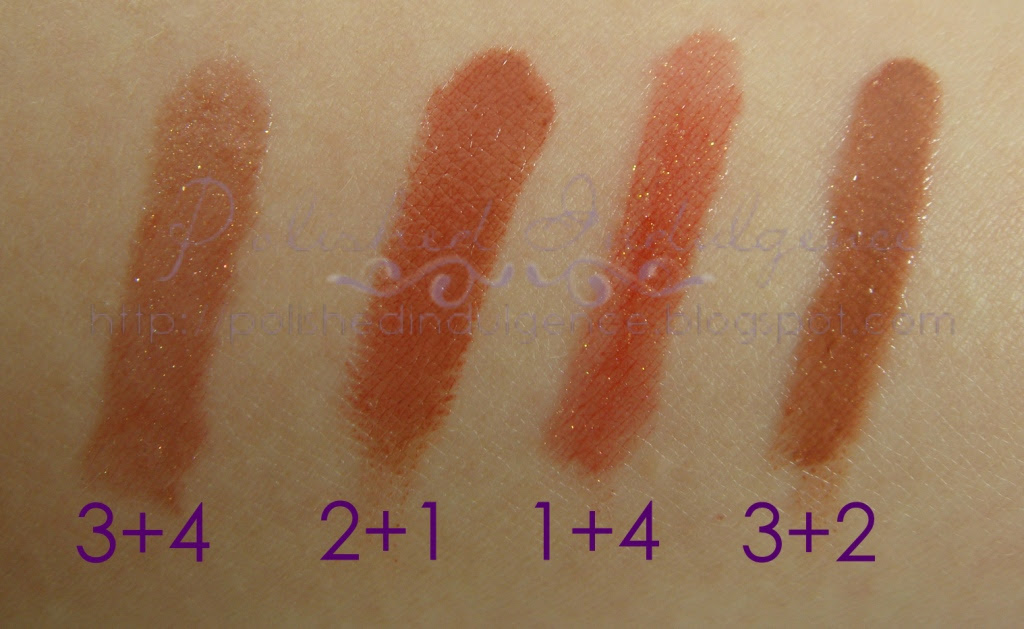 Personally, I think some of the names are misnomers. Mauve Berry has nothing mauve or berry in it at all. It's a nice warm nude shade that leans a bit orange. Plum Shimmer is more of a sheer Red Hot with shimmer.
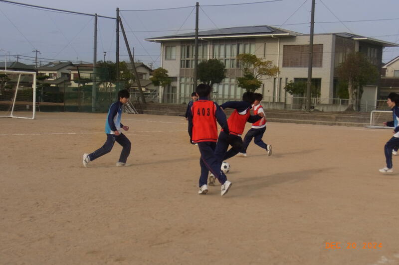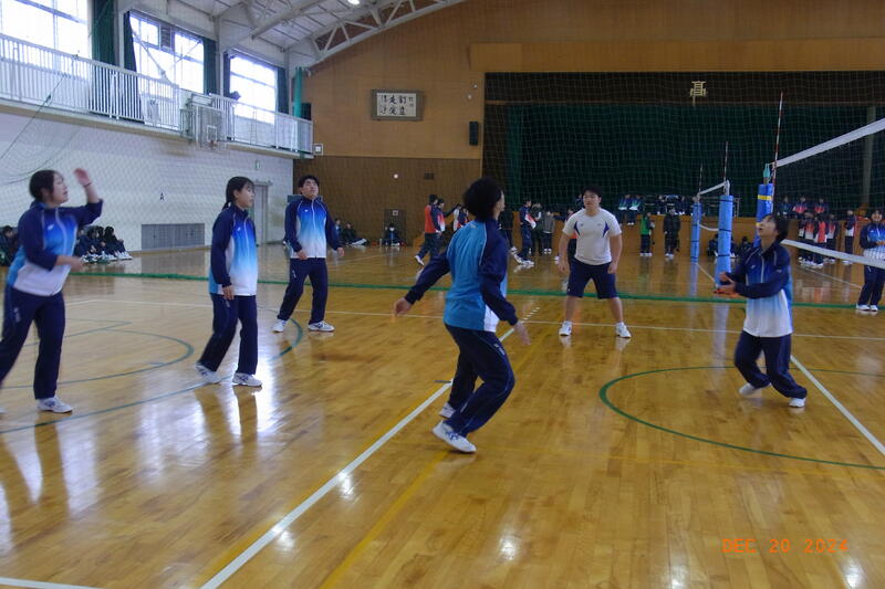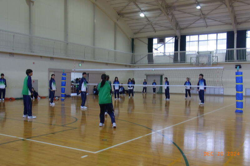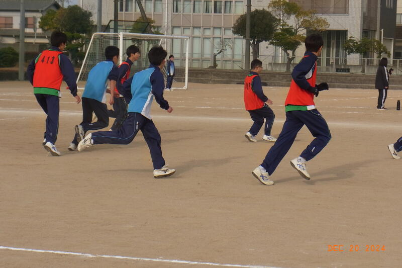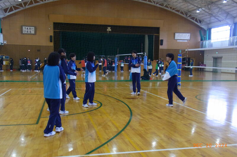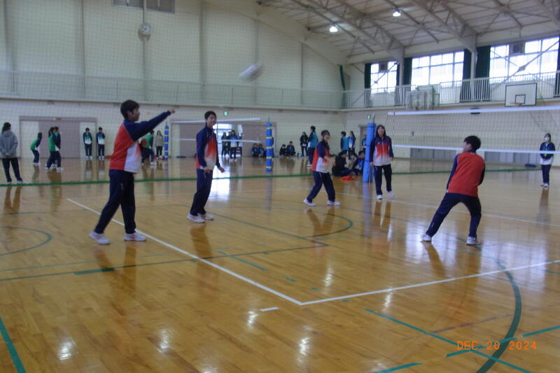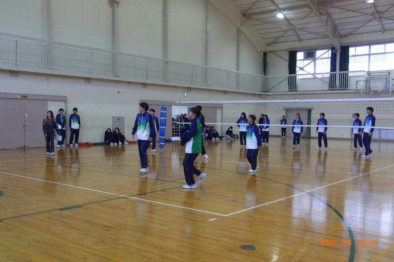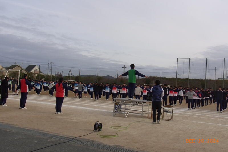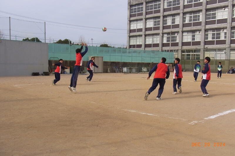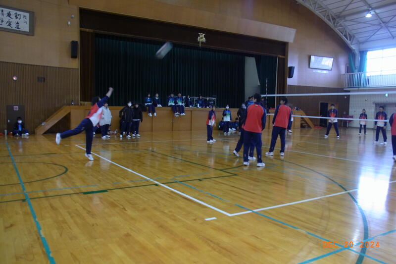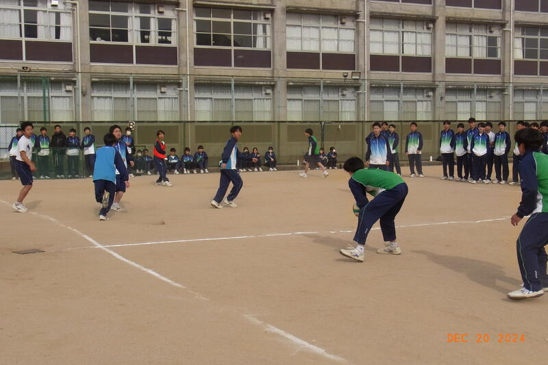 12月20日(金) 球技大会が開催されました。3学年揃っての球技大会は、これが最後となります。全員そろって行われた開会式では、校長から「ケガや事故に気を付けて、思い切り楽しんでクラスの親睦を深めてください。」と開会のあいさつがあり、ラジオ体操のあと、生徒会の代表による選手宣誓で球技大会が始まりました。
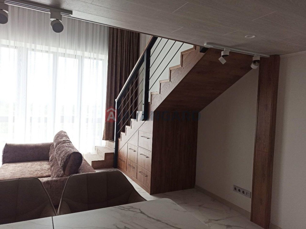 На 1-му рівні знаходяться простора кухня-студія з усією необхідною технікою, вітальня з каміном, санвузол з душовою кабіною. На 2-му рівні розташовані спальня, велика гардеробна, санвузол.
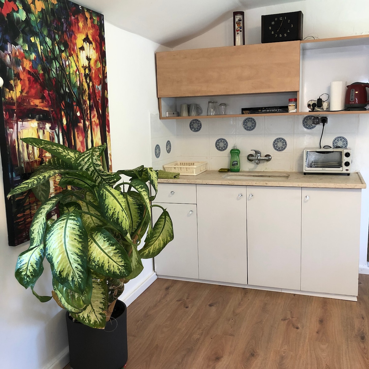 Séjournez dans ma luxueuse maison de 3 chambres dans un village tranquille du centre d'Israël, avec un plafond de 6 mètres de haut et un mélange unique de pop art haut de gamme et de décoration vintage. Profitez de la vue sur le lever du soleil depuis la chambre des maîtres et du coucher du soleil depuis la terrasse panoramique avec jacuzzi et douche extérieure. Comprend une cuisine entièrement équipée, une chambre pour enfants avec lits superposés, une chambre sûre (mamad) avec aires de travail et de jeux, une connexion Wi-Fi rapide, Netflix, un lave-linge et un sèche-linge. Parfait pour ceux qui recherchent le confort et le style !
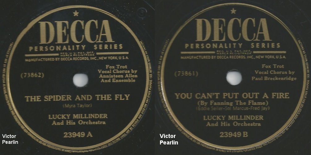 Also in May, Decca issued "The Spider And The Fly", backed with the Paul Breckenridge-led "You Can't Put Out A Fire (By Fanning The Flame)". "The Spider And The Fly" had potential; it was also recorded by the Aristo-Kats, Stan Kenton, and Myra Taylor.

▸ THE TASK:
Among the entries above, take the lines from the one with "На 1-му рівні" through the one with "Séjournez dans ma" and retype them exactly, leaving out the pictures.

▸ RESULT OF THE EXERCISE:
 На 1-му рівні знаходяться простора кухня-студія з усією необхідною технікою, вітальня з каміном, санвузол з душовою кабіною. На 2-му рівні розташовані спальня, велика гардеробна, санвузол.
 Séjournez dans ma luxueuse maison de 3 chambres dans un village tranquille du centre d'Israël, avec un plafond de 6 mètres de haut et un mélange unique de pop art haut de gamme et de décoration vintage. Profitez de la vue sur le lever du soleil depuis la chambre des maîtres et du coucher du soleil depuis la terrasse panoramique avec jacuzzi et douche extérieure. Comprend une cuisine entièrement équipée, une chambre pour enfants avec lits superposés, une chambre sûre (mamad) avec aires de travail et de jeux, une connexion Wi-Fi rapide, Netflix, un lave-linge et un sèche-linge. Parfait pour ceux qui recherchent le confort et le style !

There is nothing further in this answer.